Also included can be a sclerostin antibody, such as but not limited to romosozumab, blosozumab, or BPS 804 (Novartis). Further included can be therapeutics such as rilotumumab, bixalomer, trebananib, ganitumab, conatumumab, motesanib diphosphate, brodalumab, vidupiprant, panitumumab, denosumab, NPLATE, PROLIA, VECTIBIX or XGEVA. Additionally, included in the device can be a monoclonal antibody (IgG) that binds human Proprotein Convertase Subtilisin/Kexin Type 9 (PCSK9). Such PCSK9 specific antibodies include, but are not limited to, Repatha® (evolocumab) and Praluent® (alirocumab), as well as molecules, variants, analogs or derivatives thereof as disclosed in the following patents or patent applications, each of which is herein incorporated by reference in its entirety for all purposes: U.S. Pat. No. 8,030,547, U.S. Publication No. 2013/0064825, WO2008/057457, WO2008/057458, WO2008/057459, WO2008/063382, WO2008/133647, WO2009/100297, WO2009/100318, WO2011/037791, WO2011/053759, WO2011/053783, WO2008/125623, WO2011/072263, WO2009/055783, WO2012/0544438, WO2010/029513, WO2011/111007, WO2010/077854, WO2012/088313, WO2012/101251, WO2012/101252, WO2012/101253, WO2012/109530, and WO2001/031007.
Also included can be talimogene laherparepvec or another oncolytic HSV for the treatment of melanoma or other cancers. Examples of oncolytic HSV include, but are not limited to talimogene laherparepvec (U.S. Pat. Nos. 7,223,593 and 7,537,924); OncoVEXGALV/CD (U.S. Pat. No. 7,981,669); OrienX010 (Lei et al. (2013), World J. Gastroenterol., 19:5138-5143); G207, 1716; NV1020; NV12023; NV1034 and NV1042 (Vargehes et al. (2002), Cancer Gene Ther., 9(12):967-978).
Also included are TIMPs. TIMPs are endogenous tissue inhibitors of metalloproteinases (TIMPs) and are important in many natural processes. TIMP-3 is expressed by various cells or and is present in the extracellular matrix; it inhibits all the major cartilage-degrading metalloproteases, and may play a role in role in many degradative diseases of connective tissue, including rheumatoid arthritis and osteoarthritis, as well as in cancer and cardiovascular conditions. The amino acid sequence of TIMP-3, and the nucleic acid sequence of a DNA that encodes TIMP-3, are disclosed in U.S. Pat. No. 6,562,596, issued May 13, 2003, the disclosure of which is incorporated by reference herein. Description of TIMP mutations can be found in U.S. Publication No. 2014/0274874 and PCT Publication No. WO 2014/152012.
Also included are antagonistic antibodies for human calcitonin gene-related peptide (CGRP) receptor and bispecific antibody molecule that target the CGRP receptor and other headache targets. Further information concerning these molecules can be found in PCT Application No. WO 2010/075238.
Additionally, bispecific T cell engager (BiTE®) antibodies, e.g. BLINCYTO® (blinatumomab), can be used in the device. Alternatively, included can be an APJ large molecule agonist e.g., apelin or analogues thereof in the device. Information relating to such molecules can be found in PCT Publication No. WO 2014/099984.
In certain embodiments, the medicament comprises a therapeutically effective amount of an anti-thymic stromal lymphopoietin (TSLP) or TSLP receptor antibody. Examples of anti-TSLP antibodies that may be used in such embodiments include, but are not limited to, those described in U.S. Pat. Nos. 7,982,016, and 8,232,372, and U.S. Publication No. 2009/0186022. Examples of anti-TSLP receptor antibodies include, but are not limited to, those described in U.S. Pat. No. 8,101,182. In particularly preferred embodiments, the medicament comprises a therapeutically effective amount of the anti-TSLP antibody designated as A5 within U.S. Pat. No. 7,982,016.

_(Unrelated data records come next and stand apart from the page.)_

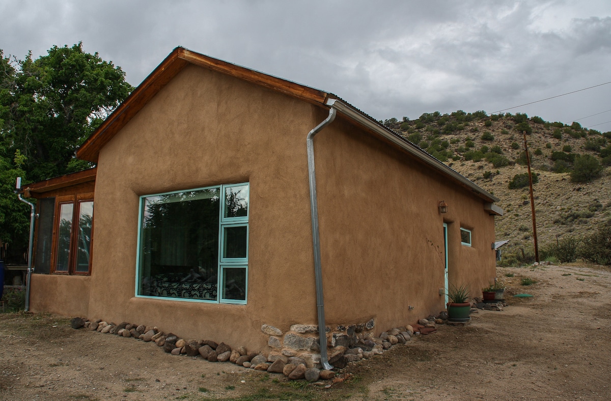 We welcome guests of all races, faiths, genders, sexual orientations, and countries of origin. Over a bridge and steps from the Embudo River, this stylish, well-equipped cottage is nestled under cottonwood trees in a private canyon facing a stunning rock face. Relax on the deck overlooking the water, and during late spring and early summer, listen to the river as you fall asleep. The quaint village of Dixon (an artist and vineyard, orchard, organic farm community) is just a mile away.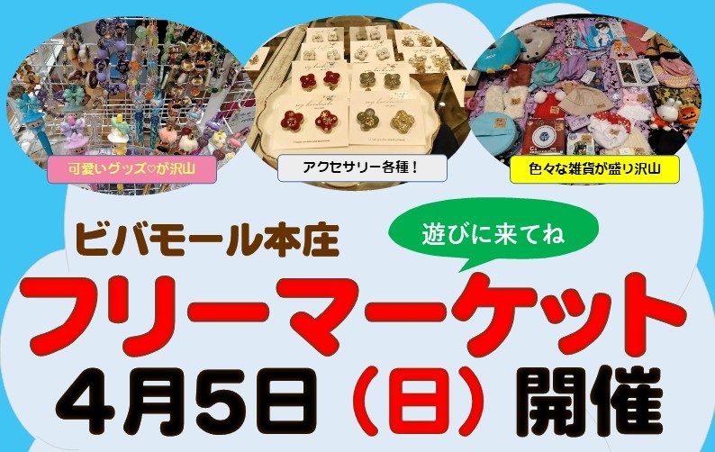 ビバモール本庄フリーマーケット出店者募集!✨ 【実施内容】●開催 4月5日 (日) ★以降も現在日曜日開催予定!(今後変更も有り) ●会場 ビバモール本庄 1階 お待ち広場 ★屋内会場なので天候に左右され…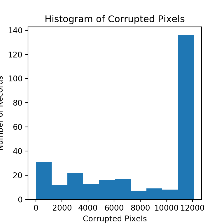 Almost 50% of the corrupted images have all the pixels corrupted.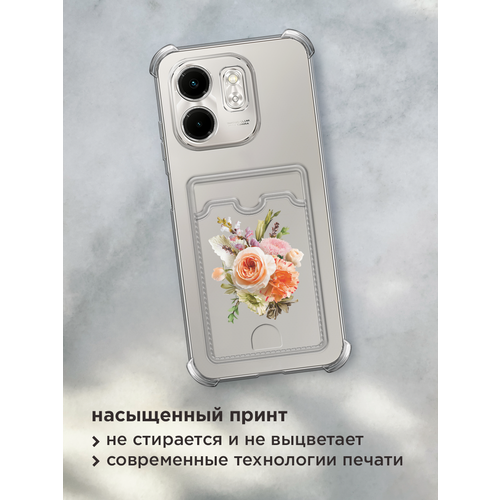 Чехол на Infinix Smart 9/Hot 50i (Инфиникс Смарт 9/Хот 50i) с картой и принтом Нежный букет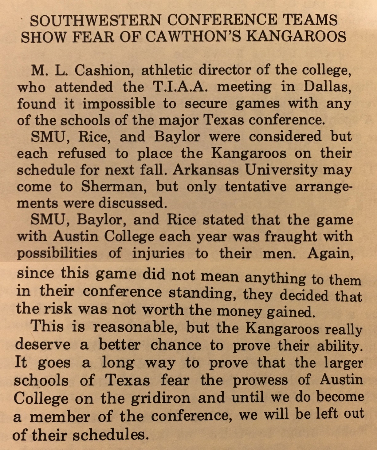 Austin College Athletic Director M. L. Cashion tried in vain to schedule games against SMU, Rice, & Baylor in 1925. All three declined. The risk of defeat was simply too great, and the rewards of a TIAA win were not valuable enough. Membership in the Southwest Conference was suggested by Baylor as a possible solution.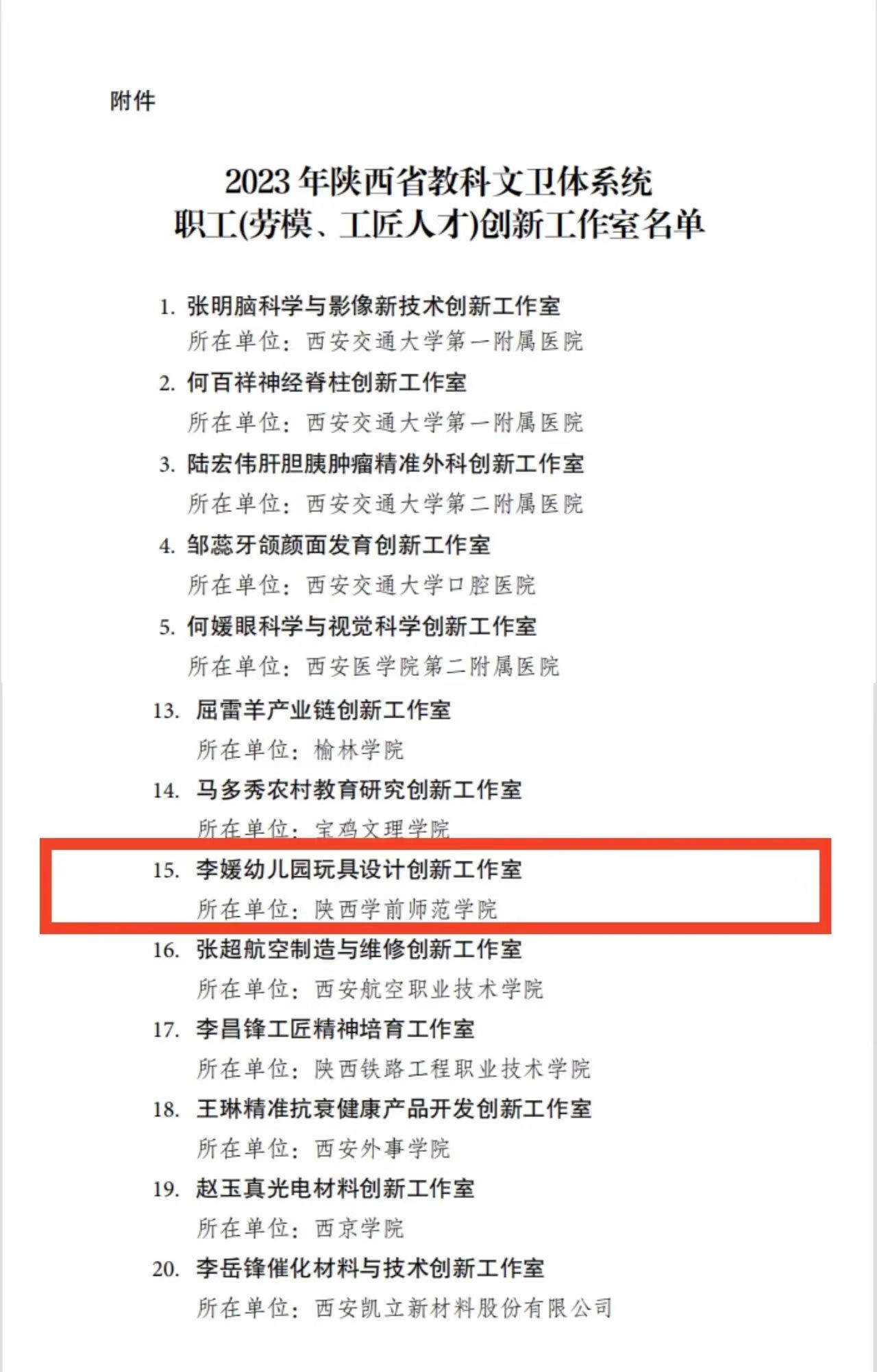 近日,陕西省教科文卫体工会委员会发布关于命名2023年陕西省教科文卫体系统职工(劳模、工匠人才)创新工作室的决定,由我校附属幼儿园李媛园长主持申报的李媛幼儿园玩具设计创新工作室获批通过。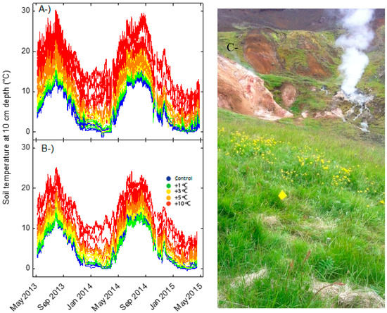 - Sigurdsson, B.D.; Leblans, N.I.W.; Dauwe, S.; Guðmundsdóttir, E.; Gundersen, P.; Gunnarsdóttir, G.E.; Holmstrup, M.; Ilieva-Makulec, K.; Kätterer, T.; Marteinsdóttir, B.; et al. Geothermal ecosystems as natural climate change experiments: The ForHot research site in Iceland as a case study. Icelandic Agric. Sci. 2016, 29, 53–71. [Google Scholar] [CrossRef]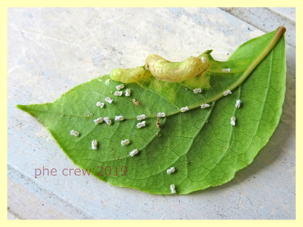 ….io penso si tratti di Trioza alacris….il corpo misura 1,5 mm. e la pianta ospite e' un Alloro. Quelle bianche sono le esuvie delle ninfe….ma non ho trovato ninfe. :hi: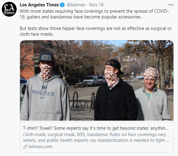 With more states requiring face coverings to prevent the spread of COVID-19, gaiters and bandannas have become popular accessories. But tests show those hipper face coverings are not as effective as surgical or cloth face masks.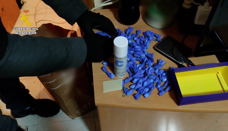 Durante el registro de la frutería, la Guardia Civil localizó droga oculta por todo el local, encontrando repartidas numerosas dosis de cocaína y marihuana por toda clase de recovecos en la frutería, tal como la caja registradora e incluso en una caja de dulces que se encontraban expuesta a la venta.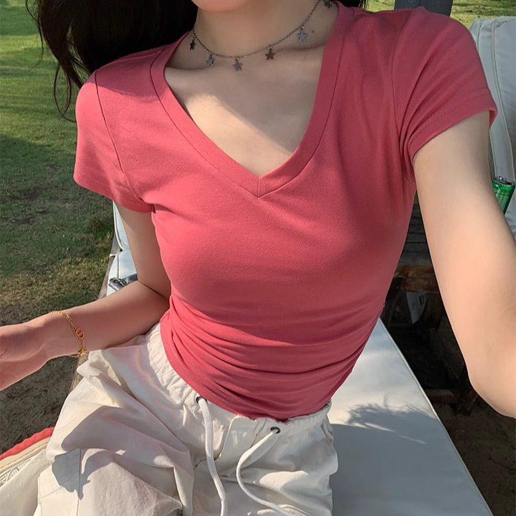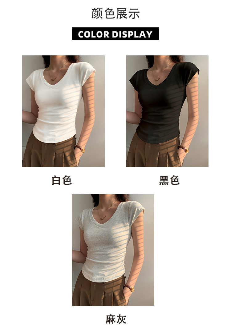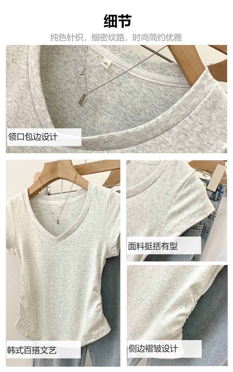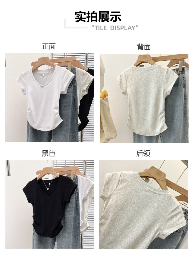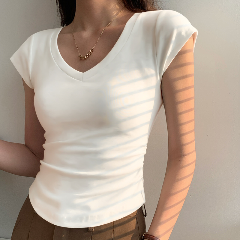 새로운 코튼 숄더 V 넥 반팔 티셔츠 여성용 고급 슬림 핏 슬리밍 쇄골 사이드 플리츠 유행의베이스 탑스토어 가기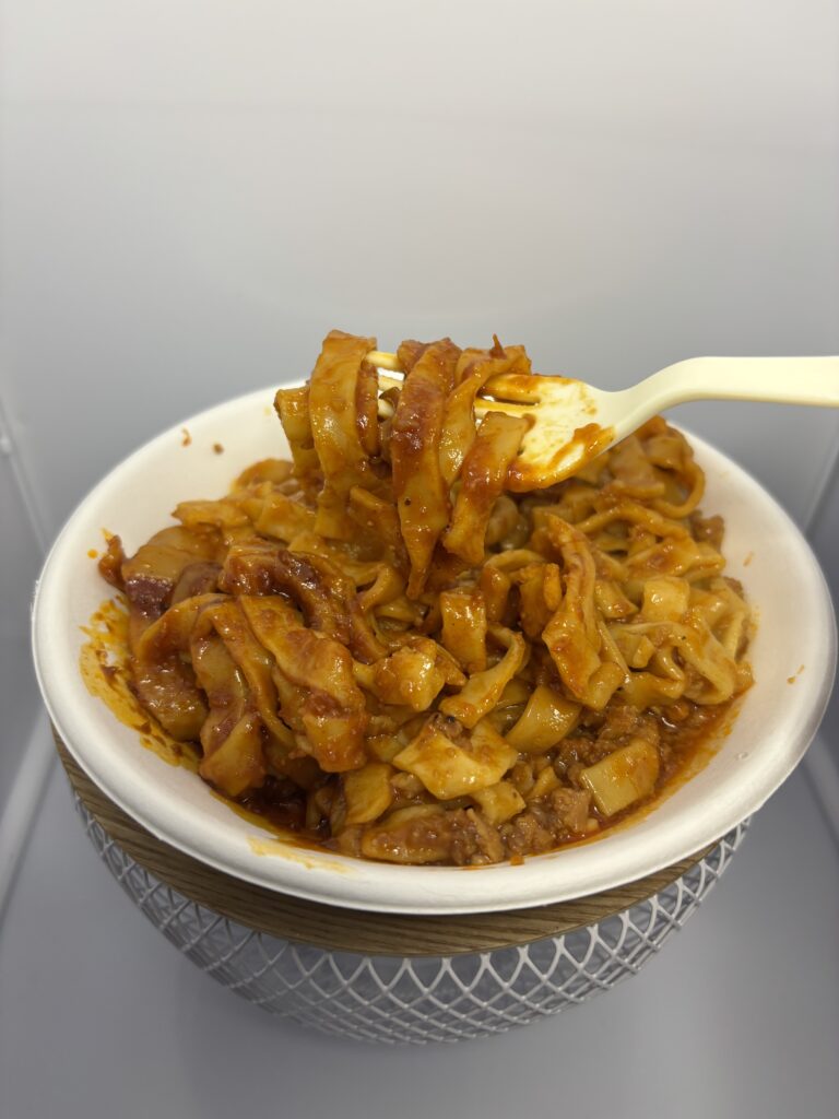 お味は…もっちりむっちりした太麺に味の濃いソースががっつり絡んでおいしいボロネーゼです!

Although the drug delivery devices, methods, and elements thereof, have been described in terms of exemplary embodiments, they are not limited thereto. The detailed description is to be construed as exemplary only and does not describe every possible embodiment of the invention because describing every possible embodiment would be impractical, if not impossible. Numerous alternative embodiments could be implemented, using either current technology or technology developed after the filing date of this patent that would still fall within the scope of the claims defining the invention. For example, components described herein with reference to certain kinds of drug delivery devices, such as on-body injector drug delivery devices or other kinds of drug delivery devices, can also be utilized in other kinds of drug delivery devices, such as autoinjector drug delivery devices.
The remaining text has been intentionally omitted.